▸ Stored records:
= = = = =

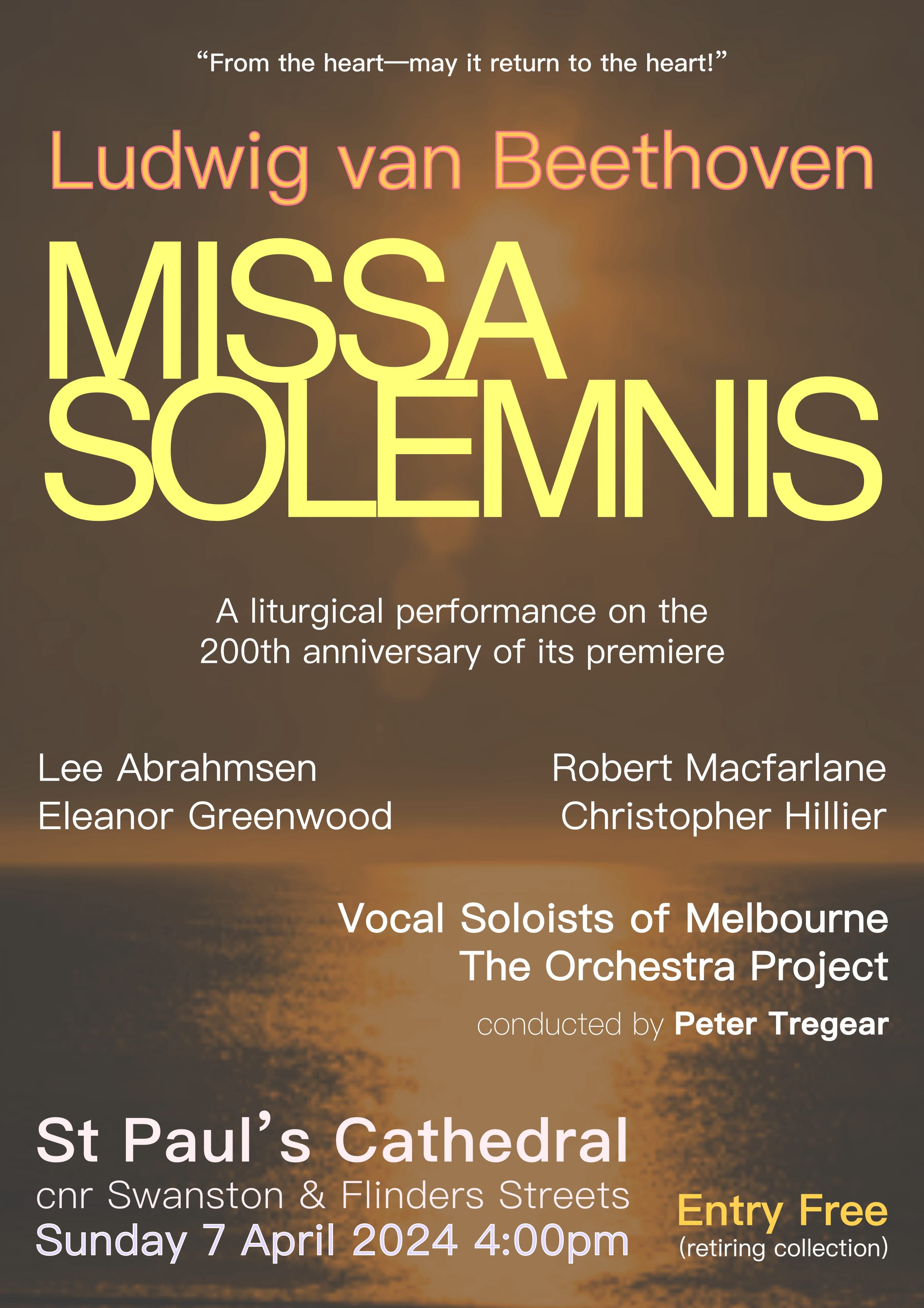 A story in Limelight magazine about the performance of the Missa Solemnis in April 2024 can be found **here.**
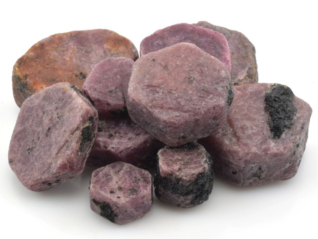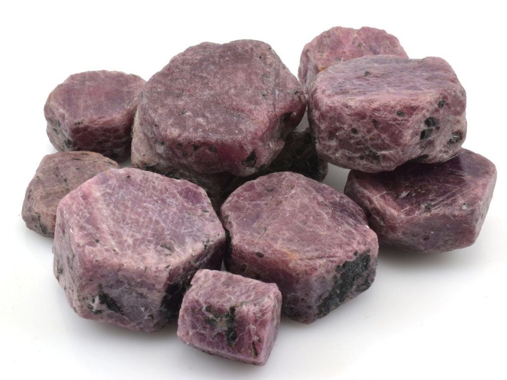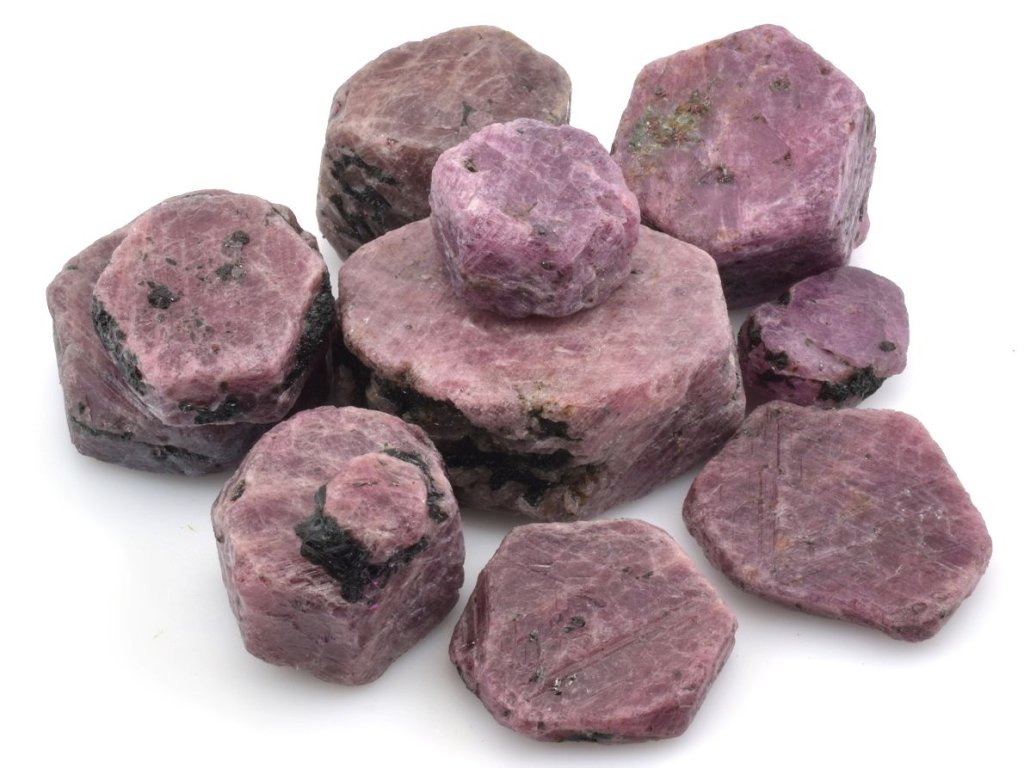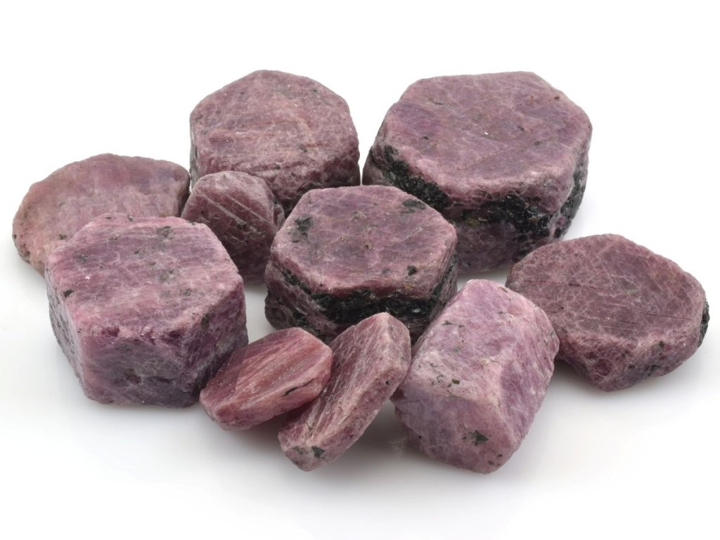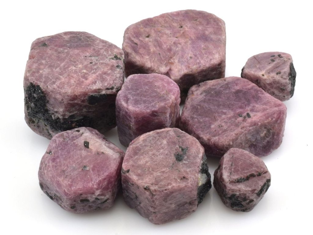 Balení 0,3 kg krystalů rubínu obsahuje z 90 - 100 % kompletní hexagonální, přírodní olejované krystaly rubínu (viz foto).
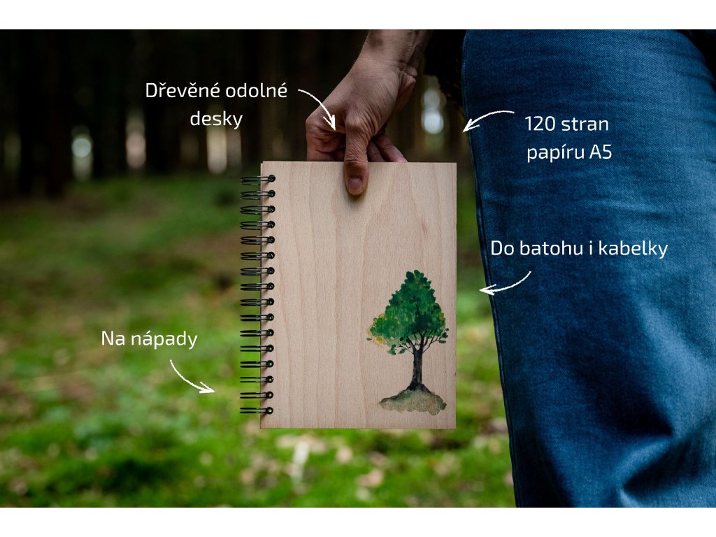 Potisk stromu na přední straně bloku, gravírované logo na zadní straně
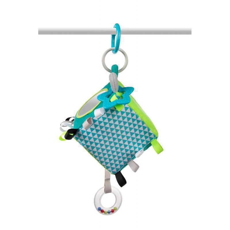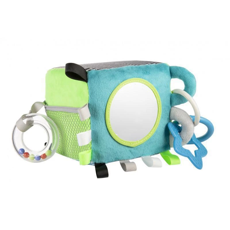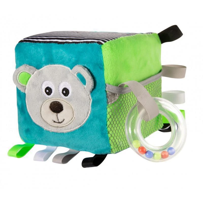 Plyšová senzorická kocka z kolekcie Mackovia. Rôzne textúry materiálov stimulujú hmat dieťaťa. Zvoniace a šuštiace prvky budia u dieťaťa pozornosť. Farebné stuhy povzbudzujú dieťa hračku uchopiť. Pružné hryzátko upokojuje dieťaťu svrbenie ďasien.
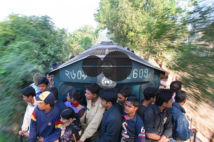 Students of Chittagong University travelling on a shuttle train travelling between their campus and the main city in Chittagong 21 km away. The two shuttle trains are the main transport to the varsity, but limited compartments lead students to the roof. N

= = = = =

▸ What is being asked:
Beginning with the line that contains "Plyšová senzorická kocka" and ending with the last line of the data, restate each line word for word. Exclude the pictures.

▸ Response to this exercise:
 Plyšová senzorická kocka z kolekcie Mackovia. Rôzne textúry materiálov stimulujú hmat dieťaťa. Zvoniace a šuštiace prvky budia u dieťaťa pozornosť. Farebné stuhy povzbudzujú dieťa hračku uchopiť. Pružné hryzátko upokojuje dieťaťu svrbenie ďasien.
 Students of Chittagong University travelling on a shuttle train travelling between their campus and the main city in Chittagong 21 km away. The two shuttle trains are the main transport to the varsity, but limited compartments lead students to the roof. N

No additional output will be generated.